The Harris tool is the latest addition to a group of scanning tools that the Army uses, said Patrick Swan, a spokesman for the Army's chief information officer.
"Our goal is to automate as much as we can to allow systems administrators to concentrate on the many other things that they are required to do," said Swan. He added that part of the goal of the Harris deployment is to centralise global monitoring at the Pentagon to provide an overall view of the Army's global network risk posture. "Our approach is a defense in depth using many different tools," he said.
Word of the Army programme comes as the SANS Institute, a research organisation for systems administrators and security managers, is close to completing a "consensus list" of the highest-priority vulnerabilities detected by the most popular automated scanning systems.

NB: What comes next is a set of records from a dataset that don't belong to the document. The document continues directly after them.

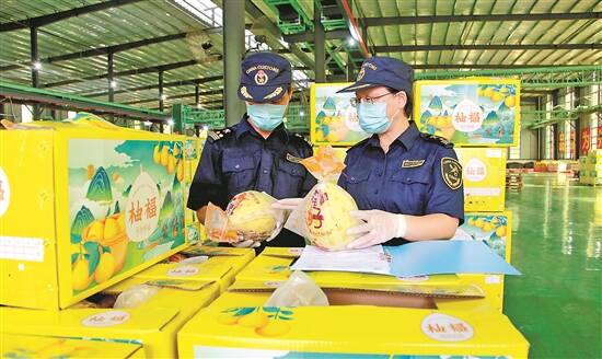 羊城晚报讯 记者危健峰、通讯员胡瑞摄影报道:记者从梅州海关获悉,8月13日,经汕头海关所属梅州海关检疫监管合格,广东顺兴种养股份有限公司20.27吨蜜柚将飘洋过海,摆上美国洛杉矶各大商超货架。这也是梅州柚果继欧盟后进入的又一国外市场。 梅州已成功创建了以梅州蜜柚为主导产业的1个国家级、3个省级现代农业产业园和1个国家级产业集群,蜜柚成为梅州实现农民增收致富,推动乡村振兴的重点产业。 2020年4月海关总署发布第59号公告,允许符合要求的中国柚果出口美国,这对梅州蜜柚开拓海外市场,提升产品竞争力,具有积极意义。汕头海关动植处联合梅州海关提前做好政策辅导和技术支持,帮助企业做好输美准备。“为确保首批输美蜜柚获得市场青睐,我们从果园种植、日常管理,再到采摘、包装、运输等环节实行全流程防疫把控。”广东顺兴种养有限公司负责人张满娟介绍,从去年起,该企业进一步加强果园和包装厂管理,从种植过程中有害生物防治和溯源管理,到柚果选取和加工包装,企业都严格按照相关检疫要求开展,务求做到标准化、规范化,为梅州蜜柚顺利输美做足准备。 “首批蜜柚通过检疫监管顺利出口让我们信心更足。”张满娟介绍,目前公司已陆续收到1000多吨的输美订单,将借此契机进一步拓展国外市场、做大总量,带动农户增收和产业发展。
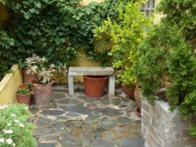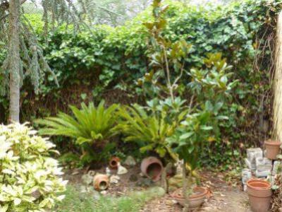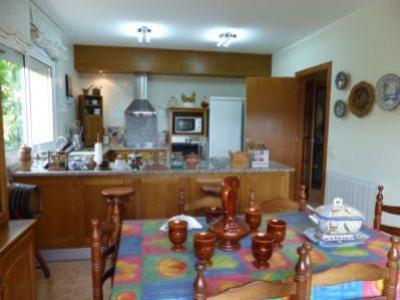 Entrée par une rampe qui mène au garage de 100 m² divisé en deux espaces, l'un pour le garage et l'autre pour le salon avec coin cuisine et cheminée en fer. Extérieur avec salle à manger d'été, maison pour outils, barbecue et verger.
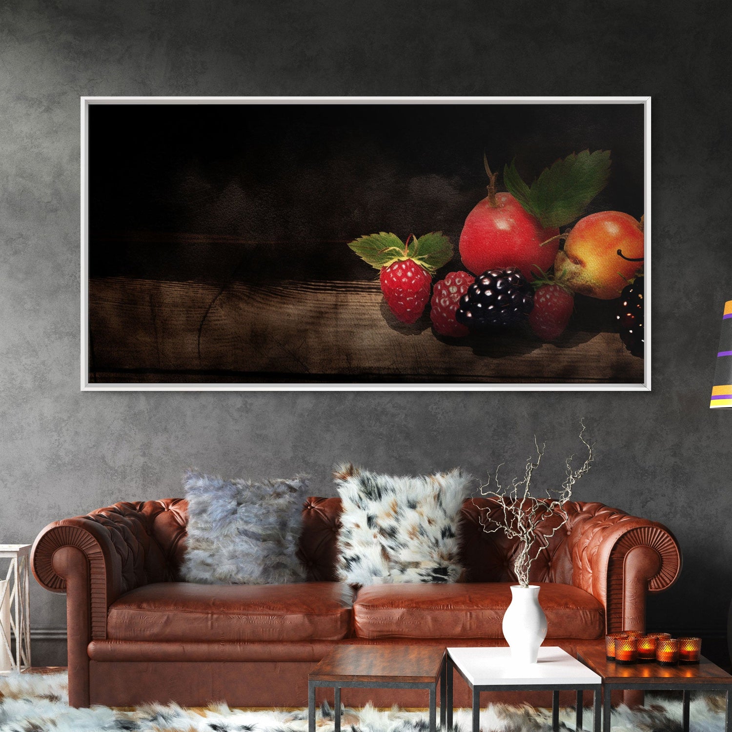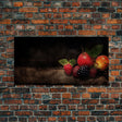 Fruits Wall Art, Food Art, Strawberries, Peach, Kitchen Wall Decor, Panoramic Wall Decor, Canvas Print, Wall Art, Framed Canvas Art
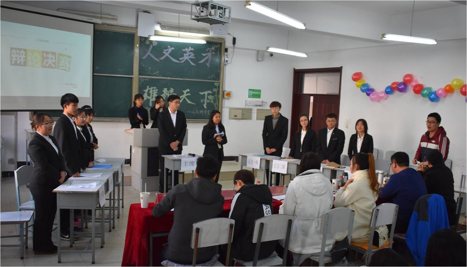 为增强大学生理性思辨能力,促进大学生全面发展,同时为大学生提供一个展示和提升的舞台,培养大学生团队意识。11月18日上午9点30分我院青年志愿者协会在1f220举行了“人文英才,雄辩天下”主题辩论赛。tyc5997太阳集团办公室主任陈竞飞老师,tyc5997太阳集团团委书记马苒苒老师,tyc5997太阳集团团委第一副书记刘超,青协主席韩壮,新闻中心主任朱奇等出席了此次辩论赛。
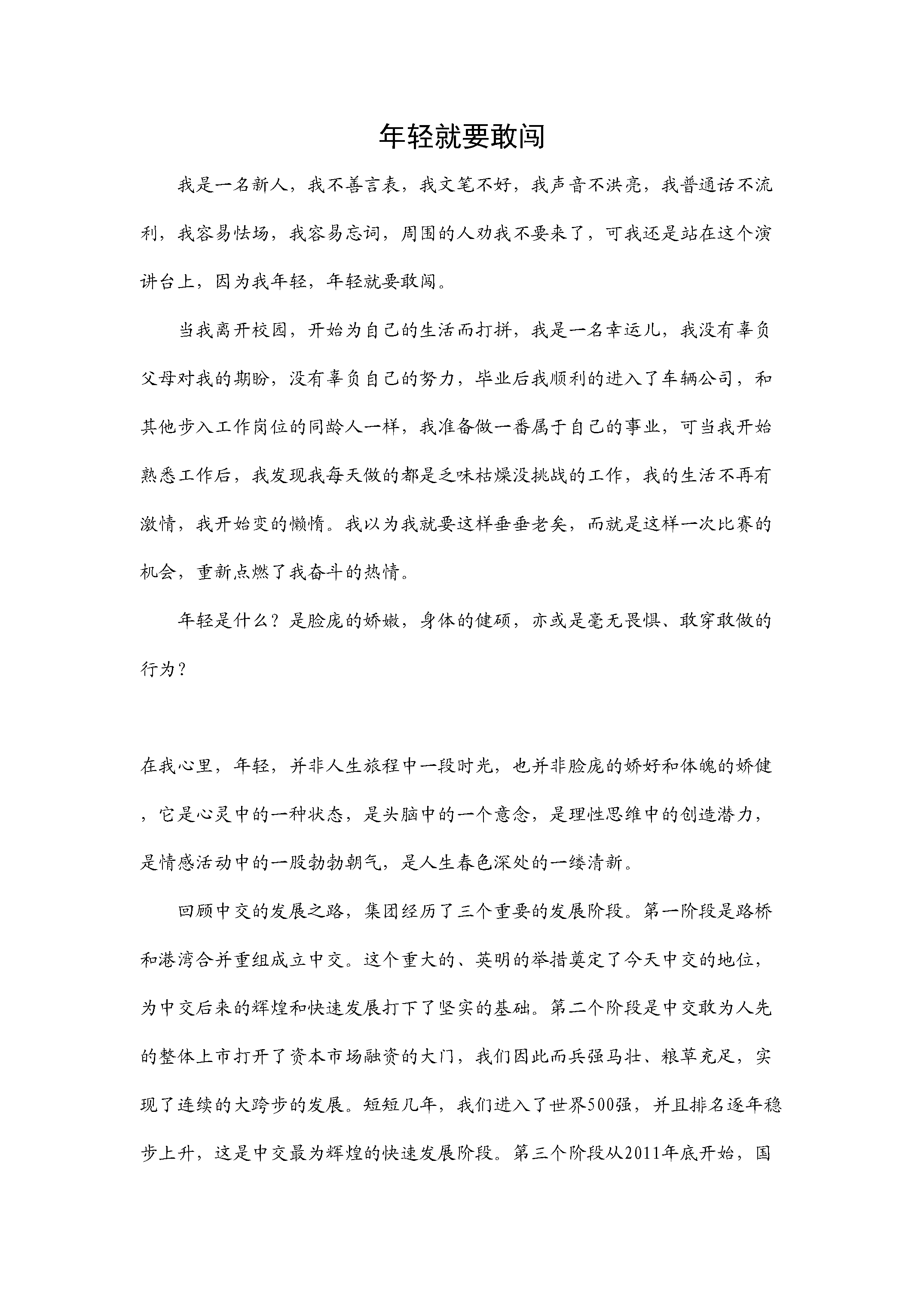 年轻就要敢闯我是一名新人,我不善言表,我文笔不好,我声音不洪亮,我普通话不流利,我容易怯场,我容易忘词,周围的人劝我不要来了,可我还是站在这个演讲台上,因为我年轻,年轻就要敢闯。当我离开校园,开始为自己的生活而打拼,我是一名幸运儿,我没有辜负父母对我的期盼,没有辜负自己的努力,毕业后我顺利的进入了车辆公司,和其他步入工作岗位的同龄人一样,我准备做一番属于自己的事业,可当我开始熟悉工作后,我发现我每天做的都是乏味枯燥没挑战的工作,我的生活不再有激情,我开始变的懒惰。我以为我就要这样垂垂老矣,而就是这样一次比
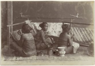 Femmes fabriquant du batik sur Java, anonyme, 1880 – 1910, source : Rijks Museum
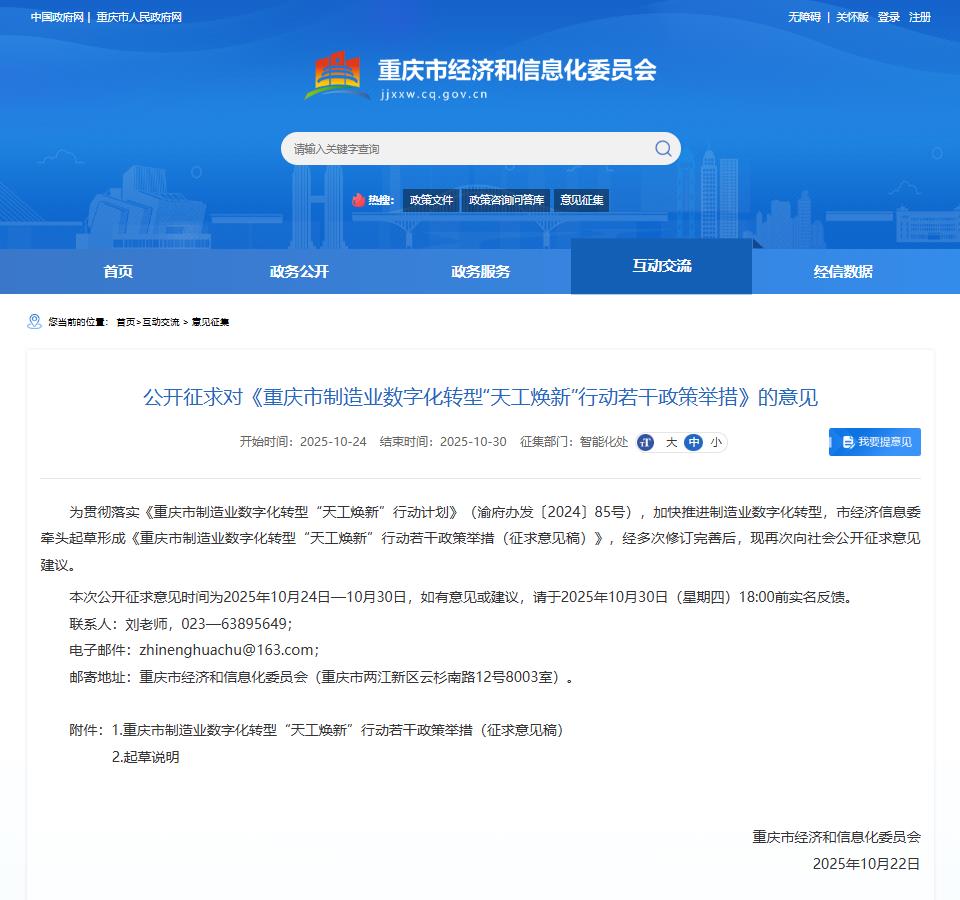 最高奖补1000万元!推动制造业数字化转型,重庆拟出台18条惠企政策
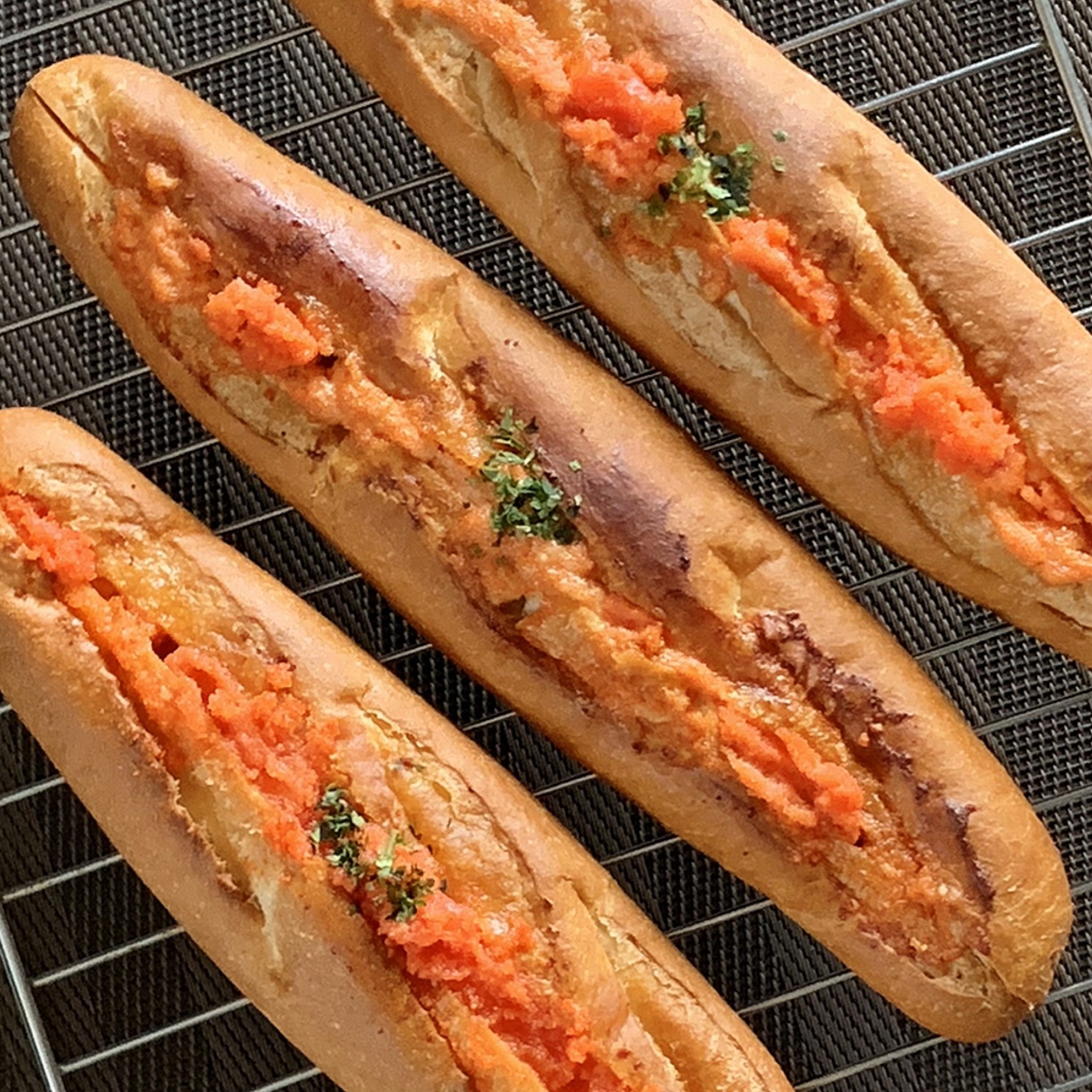 明太バゲット 👆写真の手前にあるものはマヨネーズを入れていません。作ってみましたが、マヨネーズなしでも美味しかったです。

The tools include those offered by Internet Security Systems (ISS), Symantec and the National Institute of Standards and Technology, as well as Nessus shareware. Harris' STAT Scanner has not been added yet but likely will be in the near future, said Alan Paller, director of SANS.
"The shortcut to improved security [is] universal, repeatable monitoring," said Paller, adding that NASA uses ISS Scanner to keep tabs on vulnerabilities. "The Army is now trying Harris STAT. The big difference is that NASA picked the most critical vulnerabilities rather than looking at all 2,000. The latter always leads to overload and lack of action. NASA's approach works."
SANS is also working on a site certification program based on the consensus vulnerability list, Paller said. Weekly updates will make the service "enormously useful" to administrators who are increasingly becoming buried under the large volume of scan reports, not knowing which of the problems... are actually important," he said.
A potential difference between the Army's program and one appropriate for a business lies in the level of risk that individual systems face, said Richard Hunter, an analyst at Gartner.
"It's unclear what level of analysis is being done beforehand to determine appropriate levels of security for particular systems," said Hunter, referring to the Army's roll out of STAT Scanner. "In most businesses, it's a waste of resources to protect every system to the maximum extent possible. Some systems just aren't that mission-critical."